■ Study material:
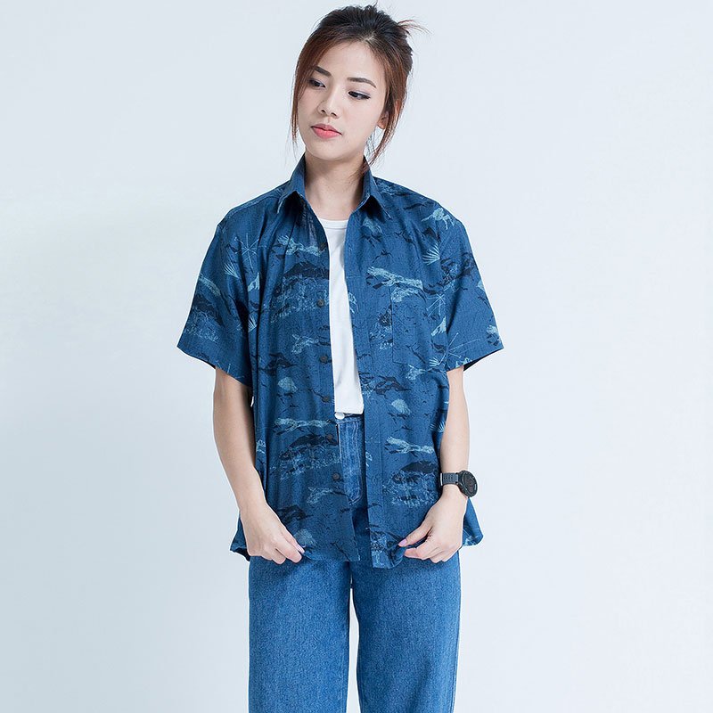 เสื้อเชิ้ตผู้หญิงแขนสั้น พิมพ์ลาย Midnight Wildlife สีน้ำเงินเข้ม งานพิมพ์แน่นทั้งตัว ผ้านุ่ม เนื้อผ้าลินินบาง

--

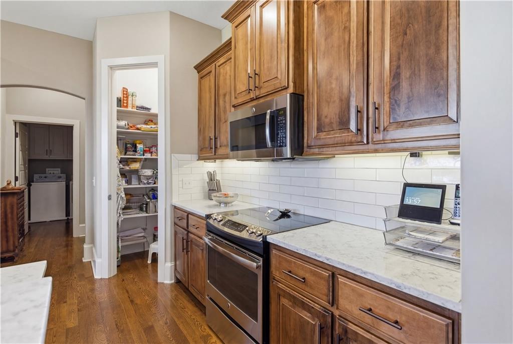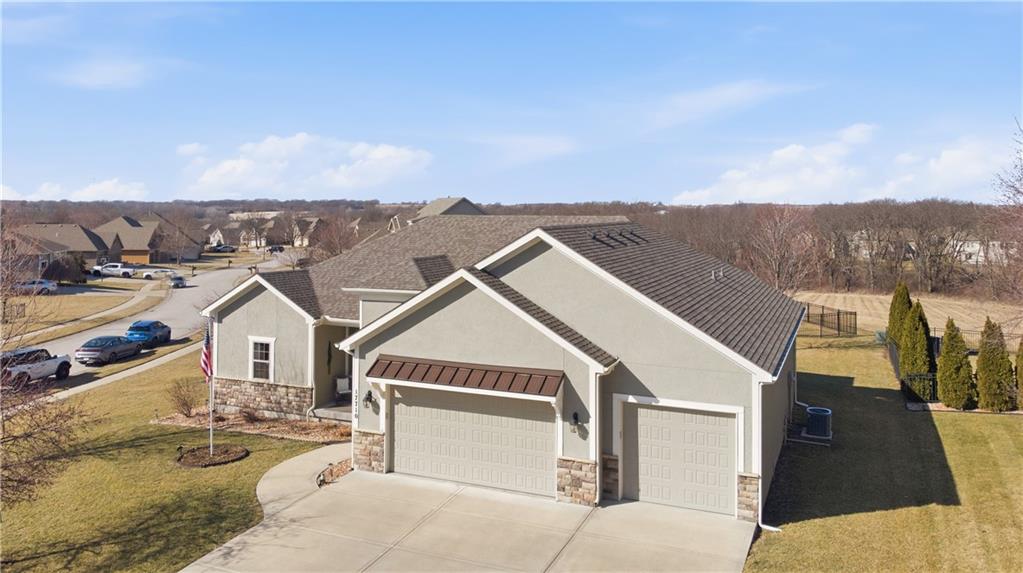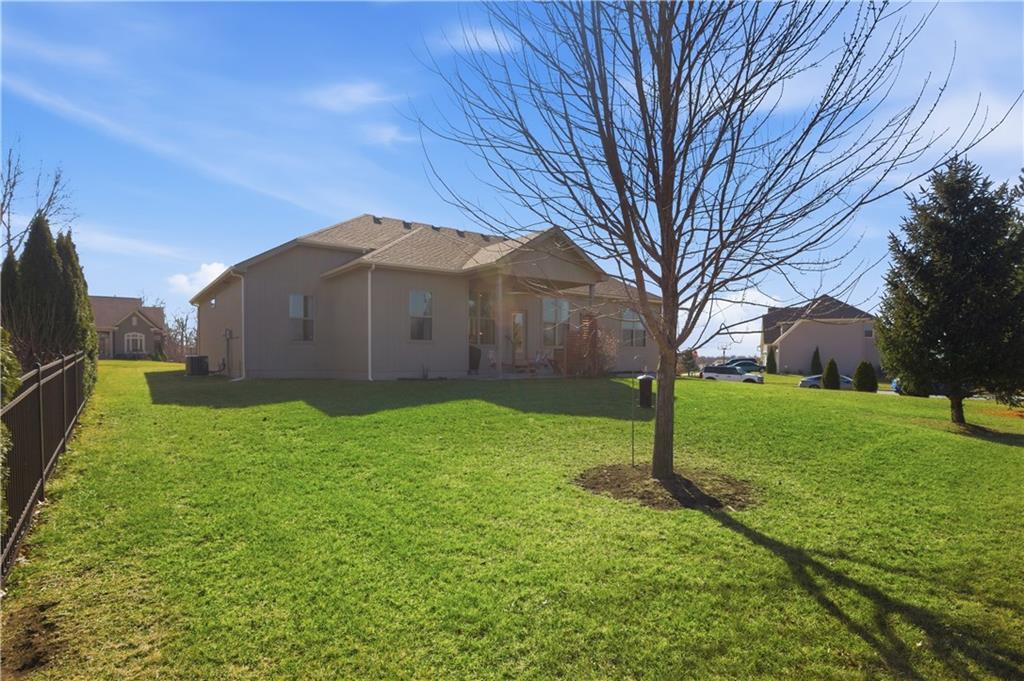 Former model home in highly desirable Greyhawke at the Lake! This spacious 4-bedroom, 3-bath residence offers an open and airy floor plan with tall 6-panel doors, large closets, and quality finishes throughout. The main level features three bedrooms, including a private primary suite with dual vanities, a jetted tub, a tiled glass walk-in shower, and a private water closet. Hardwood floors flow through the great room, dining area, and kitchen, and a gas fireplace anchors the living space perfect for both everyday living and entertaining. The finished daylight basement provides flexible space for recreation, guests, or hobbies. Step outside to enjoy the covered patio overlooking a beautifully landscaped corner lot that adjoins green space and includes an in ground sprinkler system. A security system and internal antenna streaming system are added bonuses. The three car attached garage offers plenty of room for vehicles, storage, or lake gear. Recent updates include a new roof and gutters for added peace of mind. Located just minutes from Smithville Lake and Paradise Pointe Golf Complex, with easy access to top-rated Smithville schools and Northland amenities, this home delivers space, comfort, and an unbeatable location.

==

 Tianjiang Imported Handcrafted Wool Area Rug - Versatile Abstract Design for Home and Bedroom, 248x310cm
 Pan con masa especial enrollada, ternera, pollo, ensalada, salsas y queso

■ Task prompt:
In your answer, include only the lines above starting at the line that holds "Tianjiang Imported Handcrafted" and ending at the line that holds "Pan con masa", copied exactly.

■ Task response:
 Tianjiang Imported Handcrafted Wool Area Rug - Versatile Abstract Design for Home and Bedroom, 248x310cm
 Pan con masa especial enrollada, ternera, pollo, ensalada, salsas y queso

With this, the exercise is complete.